En tal escrito de preparación del recurso deberá constar: a) Exposición de 'cada uno de los extremos del núcleo de la contradicción, determinando el sentido y alcance de la divergencia existente entre las resoluciones comparadas, en atención a la identidad de la situación, a la igualdad sustancial de hechos, fundamentos y pretensiones y a la diferencia de pronunciamientos'.

b) Referencia detallada y precisa a los datos identificativos de la sentencia o sentencias que la parte pretenda utilizar para fundamentar cada uno de los puntos de contradicción'.

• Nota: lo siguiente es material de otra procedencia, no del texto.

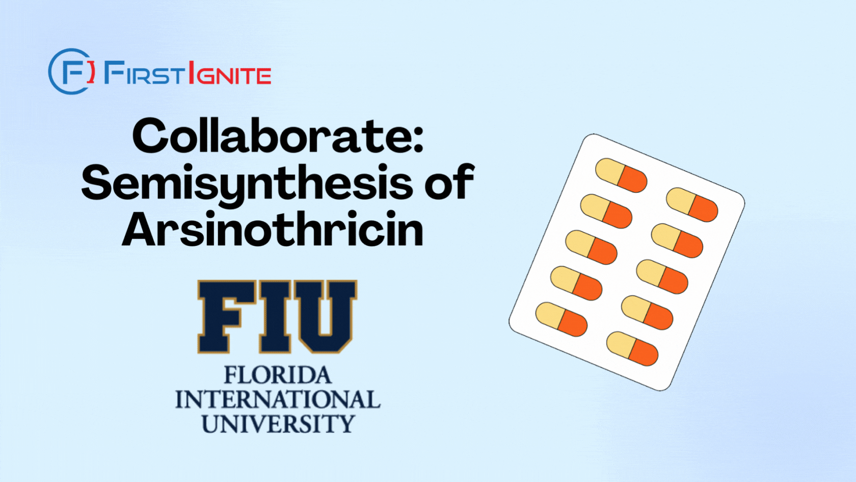 FirstIgnite is supporting the commercialization of Florida International University’s new technology for the semisynthesis of arsinothricin. The benefits of this technology include that it provides a simple synthesis method of AST-OH and its derivatives, can be scaled up to produce AST and its derivatives in amounts sufficient for further drug development, and it eliminates the necessity of conversion of pentavalent arsenic acids with toxic SO2 gas, and challenging displacement of hydroxyl group with chloride.

c) Que las 'sentencias invocadas como doctrina de contradicción deberán haber ganado firmeza a la fecha de finalización del plazo de interposición del recurso', advirtiéndose, respecto a las sentencias invocadas, que 'Las sentencias que no hayan sido objeto de expresa mención en el escrito de preparación no podrán ser posteriormente invocadas en el escrito de interposición'.

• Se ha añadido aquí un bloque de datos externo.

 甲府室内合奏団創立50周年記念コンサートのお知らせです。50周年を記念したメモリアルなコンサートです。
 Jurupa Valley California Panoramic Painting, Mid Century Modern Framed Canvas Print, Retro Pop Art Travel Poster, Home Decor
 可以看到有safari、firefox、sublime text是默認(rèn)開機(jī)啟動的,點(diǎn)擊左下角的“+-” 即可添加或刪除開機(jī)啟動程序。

Igualmente se advierte a las partes no exentas, que si recurren deberán acreditar ante esta Sala haber efectuado el depósito de 600.- euros, en la Cuenta de Depósitos y Consignaciones, abierta en la entidad 'Banco de Santander', en la Cuenta-Expediente nº 4052-0000-66-xxxx(nº recurso)-xx(año), especificando en el campo 'concepto', del documento resguardo de ingreso, que se trata de un 'Recurso'.

Si se efectúa mediante transferencia, la cuenta es: 0049-3569-92-0005001274. (IBAN: ES55 0049 3569 9200 0500 1274). Debiendo hacer constar en 'Beneficiario', el órgano judicial y en 'Observaciones o concepto', los 16 dígitos de la cuenta-expediente en un solo bloque. [40520000.66.XXXX(nº recurso) .XX(año) ].

Una vez firme esta sentencia, devuélvanse los autos al Juzgado de lo Social de referencia, con certificación de esta resolución, diligencia de su firmeza y, en su caso, certificación o testimonio de la posterior resolución que recaiga.

Únase el original de esta sentencia al libro de su razón y una certificación de la misma al presente rollo, que se archivará en esta Sala.

Así por esta nuestra sentencia, lo pronunciamos, mandamos y firmamos.